Es una convicción que tiene un preciso fundamento en el dato revelado: ¿cómo no pensar, efectivamente, al leer este pasaje, en las palabras misteriosas de Jesús durante las bodas de Caná (cf. Jn 2, 4) cuando, a petición de María, El responde llamándola "mujer" —como ahora— y aplazando el comienzo de su colaboración con ella en favor de los hombres al momento de la pasión, es decir, su "hora", como El solía llamarla? (cf. Jn 7, 30; 8, 20; 12, 27; 13, 1; Mc 14, 35. 41; Mt 26, 45; Lc 22, 53).

María es plenamente consciente de la misión que le ha sido confiada: la encontramos en los comienzos de la vida de la Iglesia, junto con los discípulos que se están preparando al eminente acontecimiento de Pentecostés, como nos recuerda la primera lectura de la Misa. En esa narración de Lucas, el nombre de Ella destaca entre los de las otras mujeres; la comunidad primitiva, reunida "en el piso superior" se estrecha en oración en torno a Ella, que es "la Madre de Jesús", como para buscar protección y consuelo frente a las incógnitas de un futuro lleno de amenazadoras sombras.

3. El ejemplo de la comunidad cristiana de los primeros tiempos es paradigmático: también nosotros, en las vicisitudes, aun tan diversas, de nuestro tiempo, no podemos hacer nada mejor que recogernos en torno a María, reconociendo en Ella la Madre de Cristo, del Cristo total, es decir de Jesús y de la Iglesia; la Madre nuestra. Y aprender de Ella. Aprender ¿qué?.

A creer, ante todo. María fue llamada "bienaventurada", porque supo creer (cf. Lc 1, 45). Su fe fue la más grande que ser humano haya tenido jamás; mayor que la misma fe de Abraham. En efecto, "el Santo", que de Ella había nacido, "creciendo, se alejaba de Ella, subía por encima de Ella y, elevado sobre Ella, vivía en una distancia infinita. Haberlo engendrado, alimentado y visto en su abandono y no dejarse cobardemente turbar frente a su majestad, pero sin dudar tampoco de su amor cuando su protección materna se encontró superada; y creer que era justo que sucediese todo esto y que se cumplía en ello la voluntad de Dios; no cansarse jamás, no entristecerse jamás, sino más bien sentirse fuerte y hacer, paso a paso, por la fuerza de la fe, el camino que sigue la persona de su Hijo en su carácter arcano: he aquí su grandeza" (R. Guardini, Il Signore, Milán, 1964, págs. 28-29).

Y he aquí también la primera lección que Ella nos ofrece.

Viene después la lección de la plegaria: una plegaria "asidua y concorde" (cf.

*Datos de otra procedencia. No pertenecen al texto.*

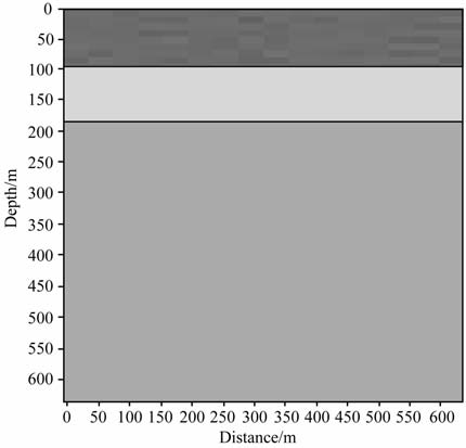 为了进一步研究该算法的抗噪能力,我们对模型1生成的地震记录添加了10%的随机噪声,然后进行反演.图 9为反演后的结果.可以看出,速度分界层清晰可见,除第一层反演得到的速度有一定的波动外,第二层介质和第三层介质得到的结果与真实值十分接近.这是由于反演过程中受到了添加噪声的影响,而下面两层介质由于真实速度分别是反演过程的速度取值范围的极大值和极小值,因此噪声对其影响并不明显.分析第一层速度数据可以得出,噪声造成的最大速度扰动也仅为背景速度的1%左右,这说明该算法具有良好的抗噪能力.

Act 1, 14). Muchas veces en nuestras comunidades nos recogemos para discutir, para analizar situaciones, para hacer programas. Puede ser también ése un tiempo bien empleado. Pero es necesario reafirmar que el tiempo más útil, el que da sentido y eficacia a las discusiones y a los proyectos, es el tiempo dedicado a la oración. En efecto, durante ella el alma se dispone a acoger al "Consolador" que Cristo prometió enviar (cf. Jn 15, 26) y al cual se le confió la tarea de "conducirnos a la verdad toda entera" (cf. Jn 16, 13).

Otra cosa nos enseña también María con su ejemplo: Ella nos dice que es necesario permanecer en comunión con la comunidad jerárquicamente estructurada. Entre las personas recogidas en el Cenáculo de Jerusalén, San Lucas recuerda en primer lugar a los once Apóstoles, de los cuales enumera los nombres, pese a que ya habían incluido la lista en las páginas de su Evangelio (cf. Lc 6, 14 y ss.). Hay en todo esto una "intención" evidente. Si antes de la Pascua de Resurrección los Apóstoles constituían el séquito especial de Jesús, ahora ellos comparecen ya como hombres a los que el Resucitado ha confiado los plenos poderes y una misión: son, por tanto, los responsables de la obra de salvación que la Iglesia debe realizar en el mundo.

María está con ellos. Más aún, bajo cierto aspecto, está subordinada a ellos. La comunidad cristiana se constituye "sobre el fundamento de los Apóstoles". Es ésta la voluntad de Cristo. María, la Madre, la ha aceptado gozosamente. También en este aspecto Ella es para nosotros un modelo ejemplar.

Vamos a continuar ahora la celebración de la Misa. Revive místicamente, en esa nuestra asamblea litúrgica, la experiencia del Cenáculo. María está con nosotros. Nosotros la invocamos, nos confiamos a Ella. Que nos sostenga con su ayuda en el propósito, que renovamos, de quererla imitar generosamente.